İslam'ı tanıdığı için şükrettiğini belirten Gamard, şöyle konuşuyor:
''Eşimle namaz kılıyorum. Bütün sıkıntılarımdan kurtulup huzura kavuşuyorum. Eşim işi dolayısıyla Konya'ya uğruyordu. Mevlana'yı ziyareti sırasında aldığı kitaplardan etkilendi. Sonra yine Mevlana için Konya'ya geldiğinde Mevlana ve İslam'ı araştırdı ve Müslüman olmaya karar verdi. Bana söyledi, saygı duydum. Eşim İslam'ı tanıyınca hayatımız tamamen değişti. Mevlana'nın eserlerini, Kur'an-ı Kerim'i okudum. Çok önemli mesajlar var. İnsanların mutluluğu, İslam'ın emirleri, Hz. Muhammed'in sözleri ve Mevlana felsefesindedir.''
-''TÜM İNSANLARI SEVİN''-
İsviçreli Brigitte Schlappi, Mevlana'yı tanıdığında çok duygulandığını ve ağladığını söyleyerek konuşmasına başlıyor.

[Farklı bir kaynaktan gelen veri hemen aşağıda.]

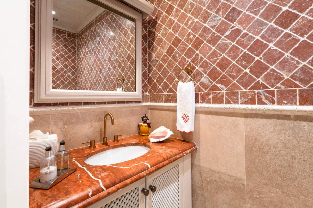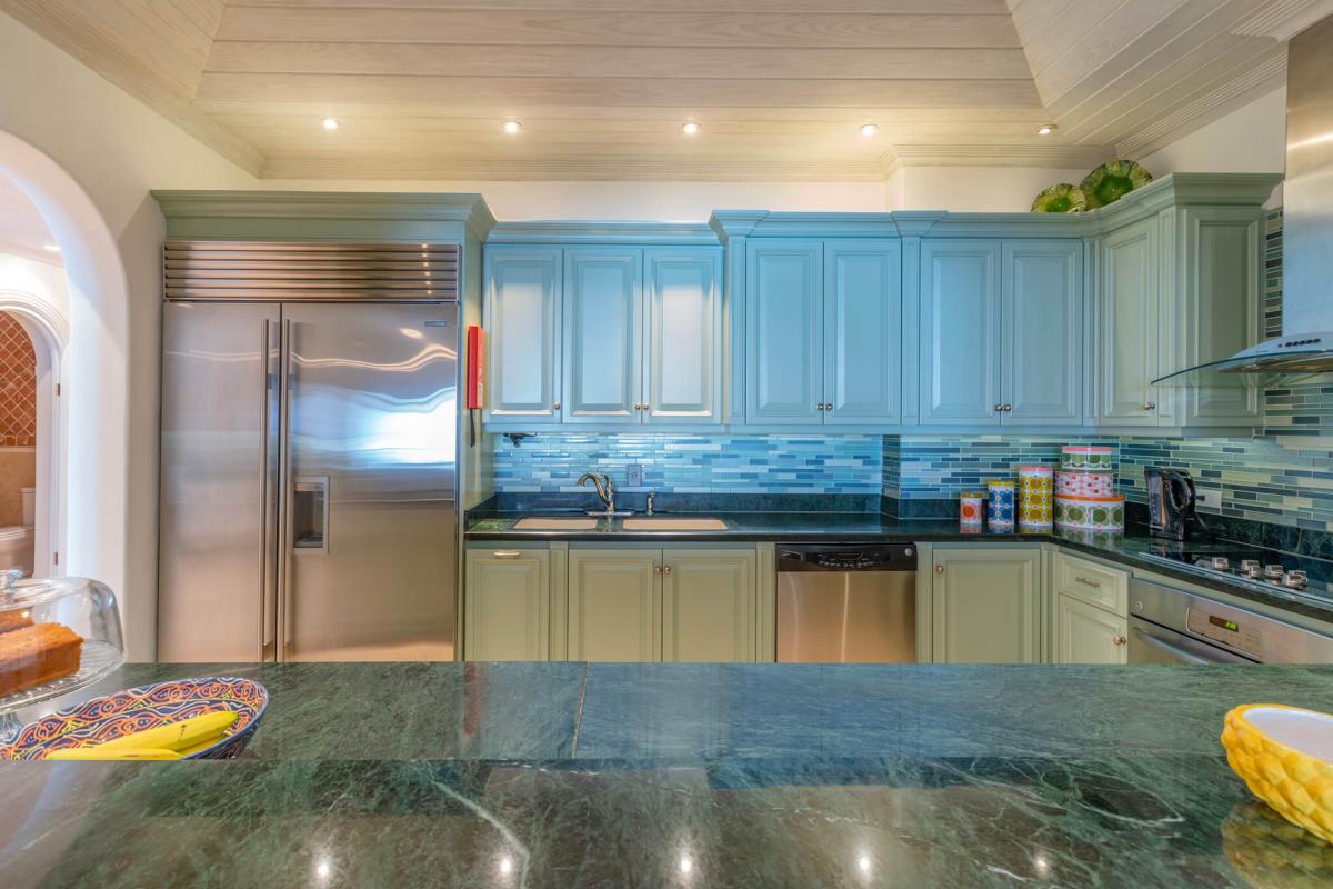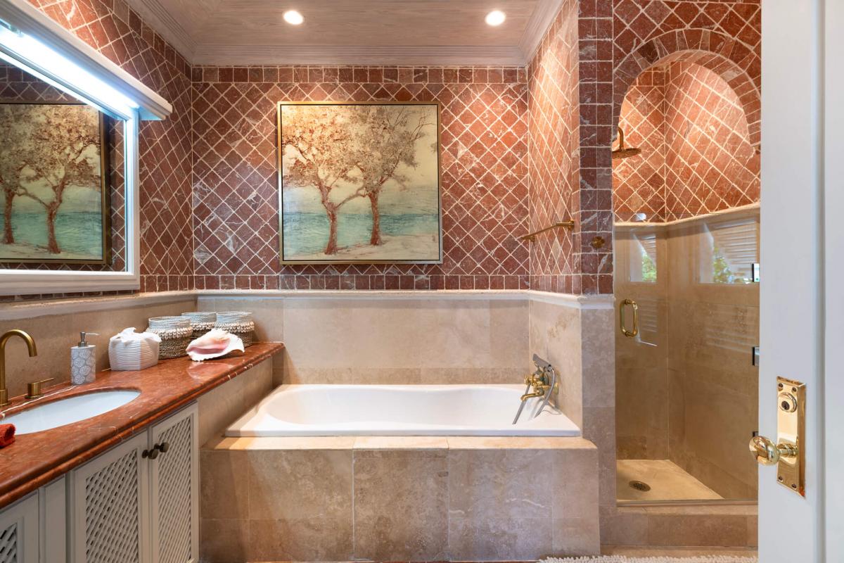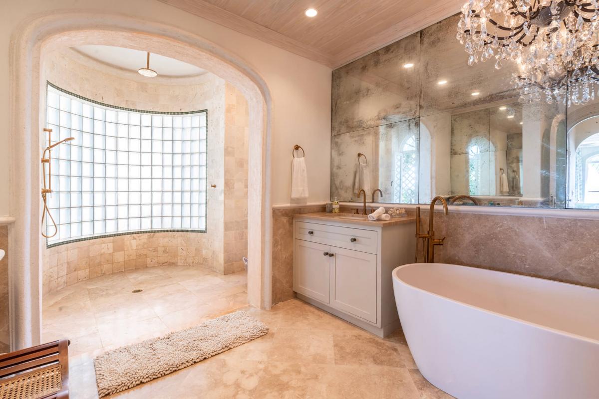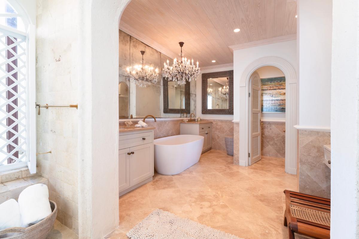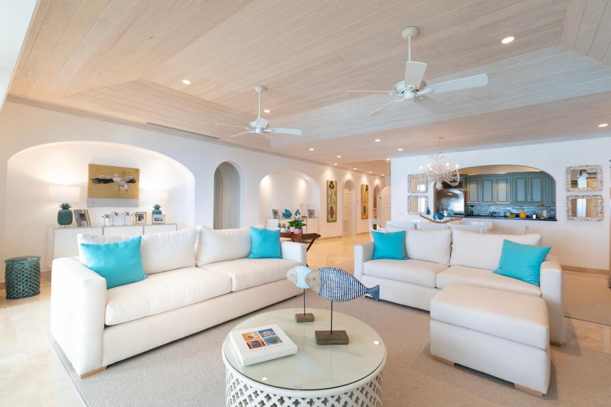 This apartment has a spacious open floor plan with a stylish living room, dining area, and a fully equipped kitchen. Sea Breeze also has three bedrooms, each with ensuite bathrooms. The primary bedroom suite is equipped with a jacuzzi bathtub, rain-effect shower, and French doors leading to a private terrace. A seamless transition to a private verandah with stunning views makes a perfect setting for al fresco dining or lounging in the Caribbean sun.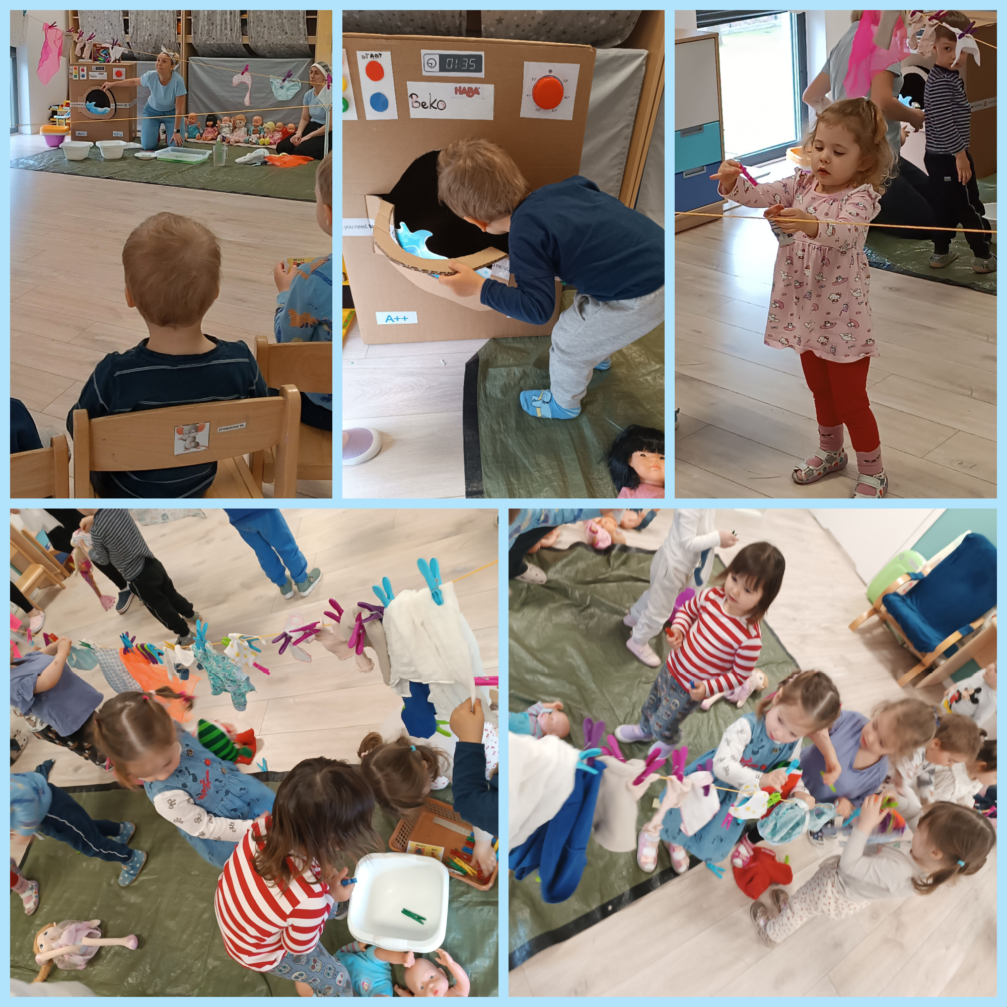 Dużym zainteresowaniem cieszyły się także przygotowane dla dzieci przedstawienia. Jednym z nich był teatrzyk o praczce, który w przystępny i zabawny sposób przybliżył dzieciom temat codziennych obowiązków. Maluchy z zaciekawieniem śledziły losy bohaterki, ucząc się przy tym poprzez obserwację i zabawę.

Konya'ya artık sık gelmeye başladığını kaydeden Schlappi, şunları söylüyor:
''Mevlana'yı anladıkça ferahladığımı hissettim. Neyden çok etkilendim. Dinlerken kendimi maneviyatın en derinlerinde buldum. Ney beni tedavi etti. İslam'la tanıştım. Müslüman oldum. Mevlanalar, Yunuslar, 'tüm insanları sevin' diyor. Yaradan'ı seven insana dünyada umutsuzluk yoktur. Bunalımların en kötüsünü yaşadığım anda Mevlana'yı tanıdım, eserlerini okudum. O'nun sözleri sayesinde karanlık geceden aydınlık sabaha kavuştum.''
İtalyan Monica Belli, yıllar önce Konya'ya, Mevlana'ya geldiğinde dünyada hiçbir yerde hissetmediği duyguları hissettiğini söylüyor.
Konya'da bulunmaktan çok mutlu olduğunu ifade eden Belli, ''Mevlana sevgisi beni mıknatıs gibi çekiyor. Konya'ya ilk geldiğimde farklı bir enerji hissettim. Buraya her yıl gelmeyi alışkanlık haline getirdim. Mevlana'yı tanımadan önce İslam'ı farklı biliyordum ama Mevlana'nın eserlerini okudukça düşüncelerim değişti. Mevlana İslam'ı anlatmak için anahtar'' diyor.